Altruistic Recruiting?

There could be no more challenging teaching assignment in the United States than the positions currently open in the New Orleans public school district. 

Working in schools destroyed first by poverty and then Katrina, teachers struggle with increasing class sizes, small budgets, high dropout rates and state control. Neighborhoods and housing markets are just beginning to rebuild, posing additional challenges for districts seeking qualified candidates for their classrooms.      

That’s why I was surprised by the recruitment strategies described in a recent article found in Raleigh’s News and Observer. It seems that appealing to the altruism of educators tops the list.  "There’s been an incredible outpouring of sympathy toward New Orleans. We feel we’re trying to say, ‘Here’s a clear path to go down if you want to act on that emotion’," writes Matthew Candler of a nonprofit recruitment agency called New Schools for New Orleans.

The article goes on to describe a recruiting campaign reaching out to teachers online: "In hopes of finding at least 150 new teachers for the state-run district in the 2007-08 school year, when more schools are expected to open, education officials are trying to recruit candidates at job fairs, on the Web or through newspaper ads that show the raised hands of students and read plaintively, "We need you … so do they."   

While dozens of noble educators will feel the call to help to rebuild the New Orleans public school system and join those already working to reach the children who need them the most, I worry about the long-term viability of policies that rely simply on the kindheartedness of teachers to staff classrooms in high needs neighborhoods. In reality, the challenge of staffing schools of great need is a complex issue that has no simple answers.

My first thought is that we should focus on improving the working conditions in struggling schools, making them places where accomplished teachers want to work.

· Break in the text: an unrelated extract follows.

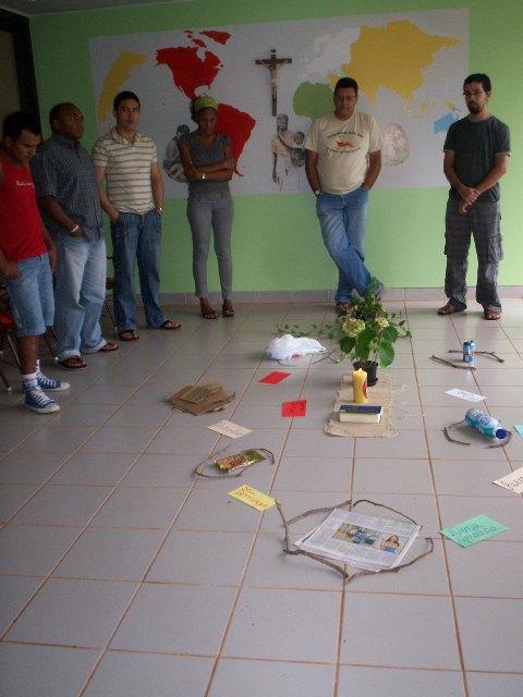 [Parte da equipe de trabalho durante mística de abertura das atividades de 17/4/2009. O blogueiro, barbudo e despenteado, é o último à direita]

Like any professional, accomplished teachers seek settings where they can be successful. They quickly recognize situations that will support their growth and continued development—and those where challenges are overwhelming and burnout is likely. It’s not a matter of "avoiding" tough situations. It is a practicality driven by experience. 

Instead of designing emotionally loaded advertising campaigns, let’s restructure high needs schools in meaningful ways. What would it take to recruit you to one of the openings available in New Orleans? 

List your top three requirements in my comments section, and we’ll compile a collection of ideas that can drive long term conversations about high needs buildings. 

One thought on “Altruistic Recruiting?

  1. John H.

    Hi Bill,
    I would not take that position because I have roots. IF I was looking it would take, 1 double my salary,
    2, A strong principal that listens to teachers.
    3, A signing bonus.
    But, here is why I really posted:
    “While dozens of noble educators will feel the call to help to rebuild the New Orleans public school system and join those already working to reach the children who need them the most, I worry about the long-term viability of policies that rely simply on the kindheartedness of teachers to staff classrooms in high needs neighborhoods. In reality, the challenge of staffing schools of great need is a complex issue that has no simple answers.”
    I am worried because I am currently a supervisor for a student teacher that seems to be in education for just this reason.
    I keep tip toeing around the issue but, she keeps talking about the sympathy she feels for the students in our school and I keep wondering if that sympathy is getting in the way of her expectations.